Do get out every now and again tho. Trying to organise a Christmas beer session in town with a few mates maybe 21st but not firmed up yet. Will post when I get summat sorted.
Into golf myself and watching rugby - not playing oh and motorbike.
Just ask away if there's owt u need to know in Welly. We've been here 10 months.
Cheers
Chris


----------



## Birney (Nov 29, 2012)

Hey esapedtonz yeah I would be up for a few beers that night for sure  would be nice to loads of new people  and I like golf did it a few times ,not great at it but its a brilliant day for sure


----------



## Song_Si (Jun 11, 2010)

hi

what part of Wellington are you in?

there's a diagram at this link click on the club link for info and contact details

think you'll find all the clubs have summer activity programmes, general fitness, eg I looked at the MSP site they have options for 'players and non-players who want to keep in shape' including weights, fitness, circuit training. 

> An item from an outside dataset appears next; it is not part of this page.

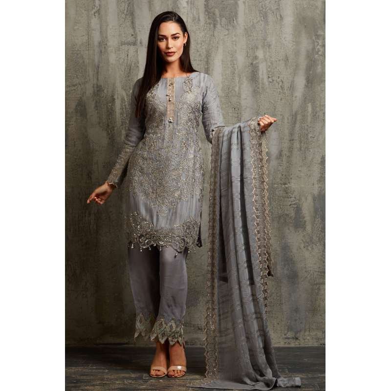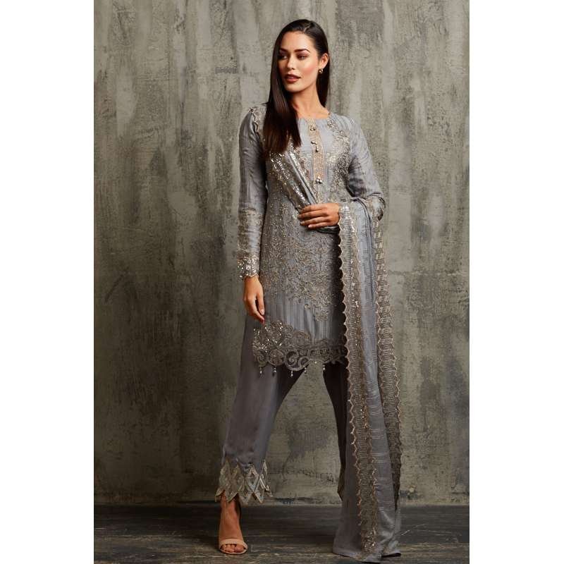 Silver Pakistani Party Suit

I refereed for 4 years in Wellington, only knew a few people through work when I moved there, was a good way to meet people away from the work scene, nobody cared what your job was, whether you were 'important' etc, a good social scene.

For touch, the summer season is underway at a few venues here, go along to watch maybe a spot in a social team, and I see there's a beach tournament at Oriental Parade Sun 20 Jan ’13, 9:00am – 4:00pm, never seen it played on sand


----------



## LorneCurrie (Dec 23, 2012)

Hi guys

I will be in the same boat as you Birney, as of the 17th of Feb. We are busy packing up and finishing work in the UK and my wife and I will be heading over to Wellington. I play for a great club in the Midlands at the moment and will be sad to leave, but know that will fund a great club in Wellington. Any recommendations for great clubs with a great social and family side will be appreciated.

Lorne


----------



## escapedtonz (Apr 6, 2012)

Hey people,


Look at my new thread added in the coffee lounge yesterday.

Night out & a few beers in Wellington Saturday 2nd Feb.

Cheers


----------